++++ Material provided ++++
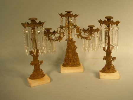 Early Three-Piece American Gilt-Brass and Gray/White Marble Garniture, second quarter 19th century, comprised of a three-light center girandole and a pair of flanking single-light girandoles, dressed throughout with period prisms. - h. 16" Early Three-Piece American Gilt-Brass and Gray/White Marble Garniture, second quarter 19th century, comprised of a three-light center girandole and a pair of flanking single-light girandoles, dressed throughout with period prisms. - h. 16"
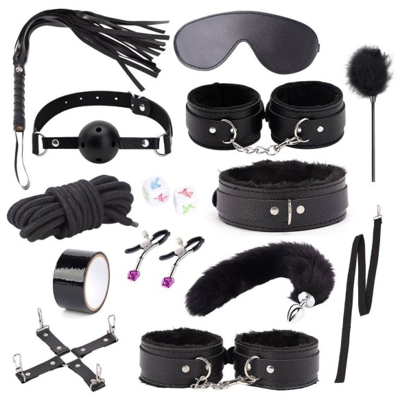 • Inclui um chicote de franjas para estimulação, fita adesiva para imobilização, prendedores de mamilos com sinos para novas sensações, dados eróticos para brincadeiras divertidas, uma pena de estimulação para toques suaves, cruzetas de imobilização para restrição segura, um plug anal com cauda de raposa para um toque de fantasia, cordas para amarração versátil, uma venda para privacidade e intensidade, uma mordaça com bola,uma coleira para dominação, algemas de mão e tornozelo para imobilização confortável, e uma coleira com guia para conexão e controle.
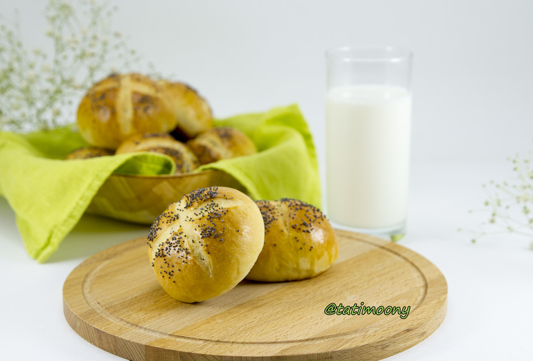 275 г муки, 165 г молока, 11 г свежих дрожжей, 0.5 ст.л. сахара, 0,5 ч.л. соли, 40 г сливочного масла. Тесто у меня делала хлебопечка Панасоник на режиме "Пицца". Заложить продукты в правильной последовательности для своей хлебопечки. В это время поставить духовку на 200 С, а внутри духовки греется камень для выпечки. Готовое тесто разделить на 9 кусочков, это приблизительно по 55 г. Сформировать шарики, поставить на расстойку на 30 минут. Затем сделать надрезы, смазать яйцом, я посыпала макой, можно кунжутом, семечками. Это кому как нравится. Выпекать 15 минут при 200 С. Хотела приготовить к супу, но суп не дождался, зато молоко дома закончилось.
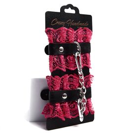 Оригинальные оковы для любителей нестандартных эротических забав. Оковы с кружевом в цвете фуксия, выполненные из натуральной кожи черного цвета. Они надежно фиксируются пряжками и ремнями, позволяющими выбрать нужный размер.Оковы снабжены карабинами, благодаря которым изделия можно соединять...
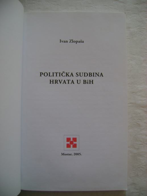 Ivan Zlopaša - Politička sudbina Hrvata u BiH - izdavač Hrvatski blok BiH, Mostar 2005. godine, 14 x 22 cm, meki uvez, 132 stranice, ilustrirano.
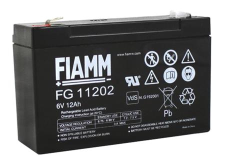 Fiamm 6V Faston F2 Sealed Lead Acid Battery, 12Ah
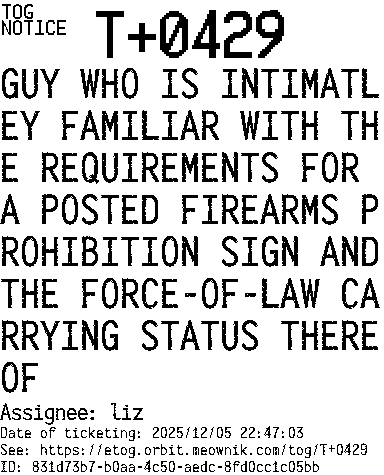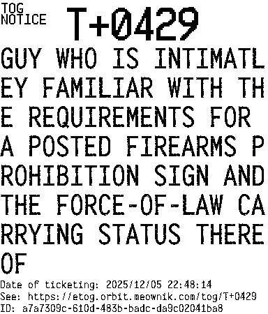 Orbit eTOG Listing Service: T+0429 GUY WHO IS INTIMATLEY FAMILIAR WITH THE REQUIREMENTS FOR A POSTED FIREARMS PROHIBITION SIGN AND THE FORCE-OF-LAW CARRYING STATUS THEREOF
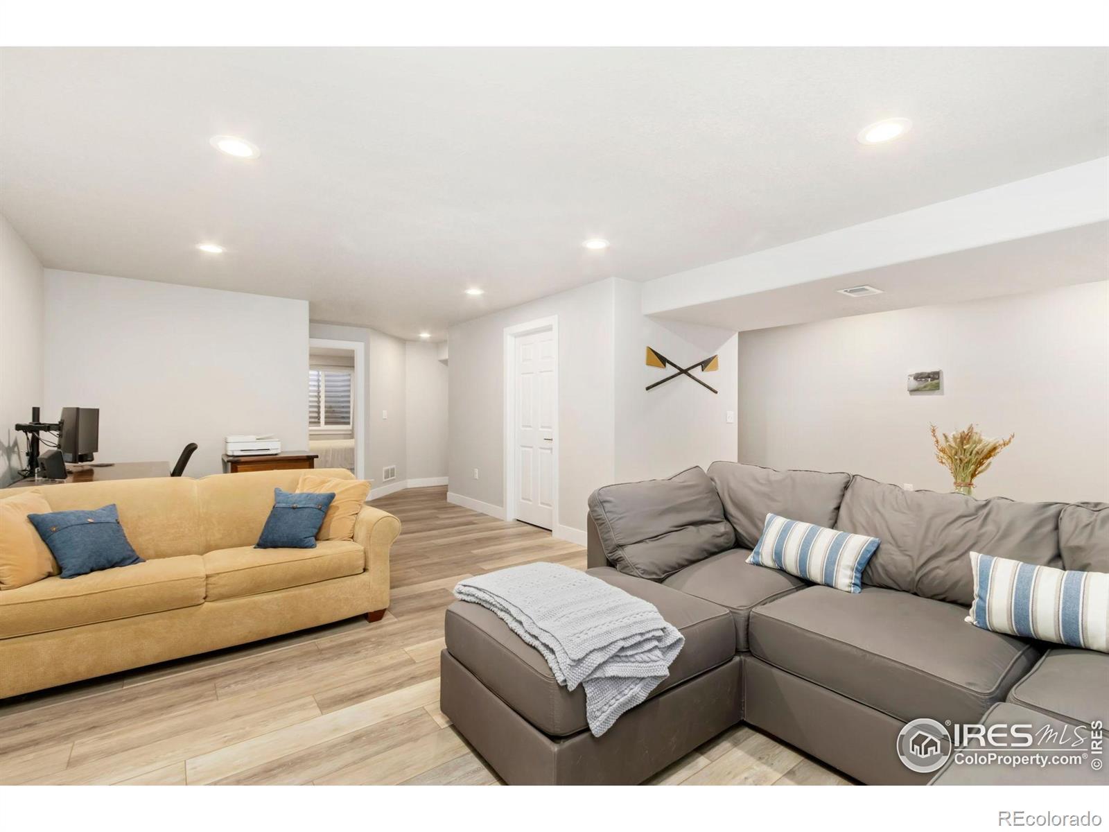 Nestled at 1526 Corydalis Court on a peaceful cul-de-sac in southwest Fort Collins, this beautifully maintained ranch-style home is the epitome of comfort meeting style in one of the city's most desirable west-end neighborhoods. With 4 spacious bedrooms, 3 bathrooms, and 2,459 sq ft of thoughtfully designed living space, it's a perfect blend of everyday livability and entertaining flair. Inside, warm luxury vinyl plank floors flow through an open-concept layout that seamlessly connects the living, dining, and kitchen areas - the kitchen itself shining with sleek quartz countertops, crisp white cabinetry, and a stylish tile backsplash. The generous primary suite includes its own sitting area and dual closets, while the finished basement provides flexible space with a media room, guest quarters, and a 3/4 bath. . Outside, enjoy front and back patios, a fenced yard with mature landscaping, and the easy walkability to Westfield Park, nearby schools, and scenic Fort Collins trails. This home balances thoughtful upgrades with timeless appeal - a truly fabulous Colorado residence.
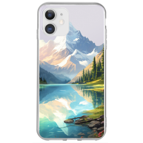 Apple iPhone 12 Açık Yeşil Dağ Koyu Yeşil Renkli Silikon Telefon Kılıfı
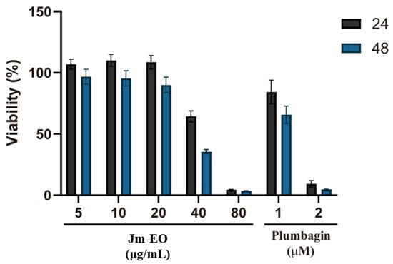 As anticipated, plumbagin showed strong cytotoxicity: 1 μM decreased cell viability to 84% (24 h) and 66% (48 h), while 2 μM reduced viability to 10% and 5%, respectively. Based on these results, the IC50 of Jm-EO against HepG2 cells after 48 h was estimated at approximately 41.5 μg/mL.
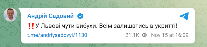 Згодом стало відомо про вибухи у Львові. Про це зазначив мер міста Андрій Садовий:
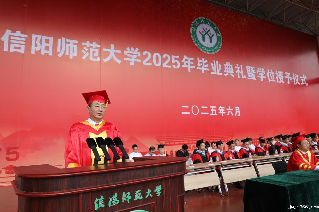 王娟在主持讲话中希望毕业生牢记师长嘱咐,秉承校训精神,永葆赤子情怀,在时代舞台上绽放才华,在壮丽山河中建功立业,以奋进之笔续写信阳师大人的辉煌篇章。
++++
**Requirement:** All that should be printed is the run of lines above from the one with "Оригинальные оковы для" through the one with "Orbit eTOG Listing", both included, exactly as given, with pictures left out.

**Task output:**
 Оригинальные оковы для любителей нестандартных эротических забав. Оковы с кружевом в цвете фуксия, выполненные из натуральной кожи черного цвета. Они надежно фиксируются пряжками и ремнями, позволяющими выбрать нужный размер.Оковы снабжены карабинами, благодаря которым изделия можно соединять...
 Ivan Zlopaša - Politička sudbina Hrvata u BiH - izdavač Hrvatski blok BiH, Mostar 2005. godine, 14 x 22 cm, meki uvez, 132 stranice, ilustrirano.
 Fiamm 6V Faston F2 Sealed Lead Acid Battery, 12Ah
 Orbit eTOG Listing Service: T+0429 GUY WHO IS INTIMATLEY FAMILIAR WITH THE REQUIREMENTS FOR A POSTED FIREARMS PROHIBITION SIGN AND THE FORCE-OF-LAW CARRYING STATUS THEREOF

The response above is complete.